Thailand’s anti-corruption body says this includes some 25,000 corruption cases.
“Kill the Bill”
Thaksin, a billionaire former telecoms tycoon, became the first leader in Thai history to win a parliamentary majority on its own, and formed the first elected government to serve a full term, after which it was re-elected.
But corruption scandals and alleged abuses of power steadily eroded his popularity among Bangkok’s middle classes. That was compounded by royalist accusations that Thaksin was undermining the country’s powerful monarchy, which he denied.
He fled Thailand in 2008 and lives in Dubai but is widely believed to be pulling the strings of government from abroad and he remains a hugely divisive figure.
The protests are a reminder of Thailand’s stubborn political divisions and threaten to spark fresh violence on the streets of Bangkok after months of relative calm.

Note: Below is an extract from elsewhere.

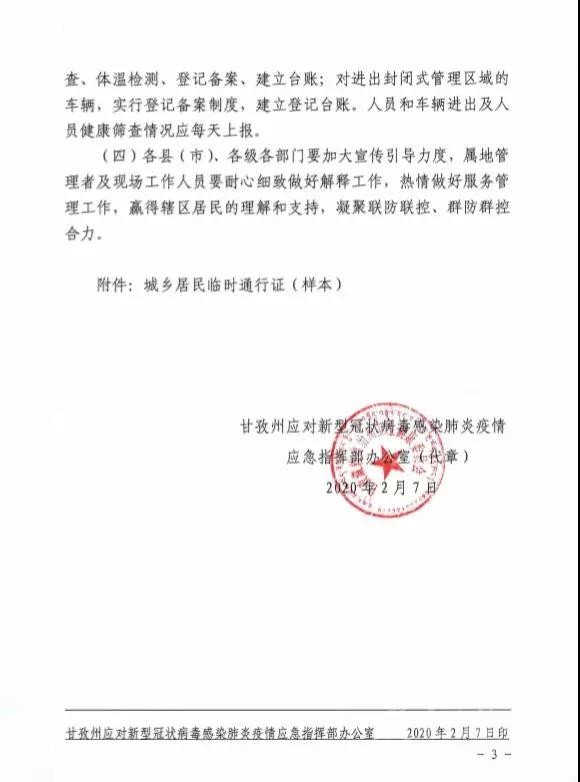為進(jìn)一步做好全州新型冠狀病毒肺炎疫情防控工作,最大程度保障人民群眾生命安全和身體健康,最大限度減少人員流動(dòng)最大力度防止和遏制疫情傳播蔓延,根據(jù)《中華人民共和國突發(fā)事件應(yīng)對(duì)法》《中華人民共和國傳染病防治法》等法律法規(guī)和《甘孜州應(yīng)對(duì)新型冠狀病毒感染肺炎疫情應(yīng)急指揮部公告(第5號(hào))》(以下簡(jiǎn)稱《公告》),自即日起,州域內(nèi)所有人員和車輛出入封閉式管理區(qū)域?qū)嵭信R時(shí)管制,均憑證通行。現(xiàn)將有關(guān)事宜通知如下。

Opposition leaders heading the protests in Bangkok, who don’t want to see Thaksin return, have vowed to continue their occupation of the city’s Democracy Monument area until the bill is thrown out.
“We want the government to kill this amnesty bill and await the Senate’s decision,” Suthep Thaugsuban, an opposition leader and former deputy prime minister, told more than 20,000 protesters packed near the city’s Ratchadamoen Avenue.
Some prominent senators have indicated that the bill will likely to be rejected.
The proposed amnesty would extend immunity to Thaksin’s enemies, including Abhisit Vejjajiva and his former deputy, Suthep, who were charged with murder for ordering the use of live ammunition on pro-Thaksin protesters in 2010.
Both Abhisit and Suthep say they want no part in the amnesty and will fight their charges in court.